Bilateral pelvic side wall and retroperitoneal (paraaortic, aortocaval, periportal) LAP, the nodes are enhancing, round with lost hilum, most are >10 mm, the largest one seen at the right para-iliac region measures 45 x 30 mm compressing/deforming the right external iliac vein, no thrombosis albeit wall invasion can’t be excluded, no inguinal LAP.

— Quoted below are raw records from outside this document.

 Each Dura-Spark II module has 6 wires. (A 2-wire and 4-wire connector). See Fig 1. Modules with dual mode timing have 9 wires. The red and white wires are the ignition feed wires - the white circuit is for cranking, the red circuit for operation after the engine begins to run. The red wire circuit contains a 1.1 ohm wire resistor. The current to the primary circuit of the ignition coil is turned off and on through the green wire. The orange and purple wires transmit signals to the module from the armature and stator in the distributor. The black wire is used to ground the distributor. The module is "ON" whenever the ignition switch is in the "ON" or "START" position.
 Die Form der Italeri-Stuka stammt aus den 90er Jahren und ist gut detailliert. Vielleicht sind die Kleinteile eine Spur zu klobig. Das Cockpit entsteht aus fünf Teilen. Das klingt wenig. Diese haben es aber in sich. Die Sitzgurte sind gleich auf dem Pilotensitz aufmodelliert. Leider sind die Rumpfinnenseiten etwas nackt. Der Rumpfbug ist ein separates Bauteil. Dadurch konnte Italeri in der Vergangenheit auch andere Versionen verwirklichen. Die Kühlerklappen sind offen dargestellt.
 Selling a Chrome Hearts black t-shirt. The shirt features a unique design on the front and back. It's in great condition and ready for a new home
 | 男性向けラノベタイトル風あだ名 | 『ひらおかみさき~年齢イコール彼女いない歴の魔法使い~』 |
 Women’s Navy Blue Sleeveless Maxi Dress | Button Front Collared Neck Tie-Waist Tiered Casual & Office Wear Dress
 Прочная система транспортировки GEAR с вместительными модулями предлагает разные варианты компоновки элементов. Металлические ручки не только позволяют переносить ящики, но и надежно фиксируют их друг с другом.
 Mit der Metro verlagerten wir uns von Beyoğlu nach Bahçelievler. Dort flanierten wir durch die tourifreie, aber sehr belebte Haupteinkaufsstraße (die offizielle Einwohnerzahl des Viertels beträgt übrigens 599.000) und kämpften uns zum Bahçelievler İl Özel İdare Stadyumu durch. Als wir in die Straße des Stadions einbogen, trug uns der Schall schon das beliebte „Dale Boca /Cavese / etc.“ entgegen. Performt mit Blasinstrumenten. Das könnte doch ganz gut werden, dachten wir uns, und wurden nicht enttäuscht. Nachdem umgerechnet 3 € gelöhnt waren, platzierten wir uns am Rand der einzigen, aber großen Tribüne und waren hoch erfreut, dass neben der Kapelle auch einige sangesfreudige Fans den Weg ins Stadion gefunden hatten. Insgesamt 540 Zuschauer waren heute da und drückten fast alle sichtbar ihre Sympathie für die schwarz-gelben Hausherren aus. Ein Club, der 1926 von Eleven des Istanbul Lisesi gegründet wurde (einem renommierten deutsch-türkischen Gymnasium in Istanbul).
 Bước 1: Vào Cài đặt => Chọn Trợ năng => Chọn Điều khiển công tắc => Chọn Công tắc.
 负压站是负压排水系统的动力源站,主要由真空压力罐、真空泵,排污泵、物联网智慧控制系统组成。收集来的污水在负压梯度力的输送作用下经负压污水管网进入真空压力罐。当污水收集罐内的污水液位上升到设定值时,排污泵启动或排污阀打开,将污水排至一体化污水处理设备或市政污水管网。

Unremarkable uterus and right ovary

Liver: at least four masses of partially ill-defined/ confluent borders were seen, they show moderate, heterogenous enhancement with necrotic/cystic areas, no intrahepatic biliary tree dilatation, no portal or hepatic vein thrombosis, incidental finding of replaced right hepatic artery arising from the SMA

Lung bases: about ten randomly distributed nodules were seen bilaterally concerning for metastases, right-sided pleural-based wedge-shaped consolidation with internal lucencies.

Multiple calcified gallstones. Right-sided moderate hydronephrosis due to ureteric stones.

Case Discussion

The CT findings are most compatible with malignant transformation of an ovarian teratoma originating from the left ovary with pelvic and retroperitoneal lymphadenopathy, distant liver, and lung metastasis. Proposed radiologic FIGO stage / IVb. Histologic confirmation was not possible since the patient prefered not to undergo further workup.

Malignant transformation of an ovarian cystic teratoma is uncommon and occurs in postmenopausal females, unlike benign cystic teratomas, which usually occur in reproductive age.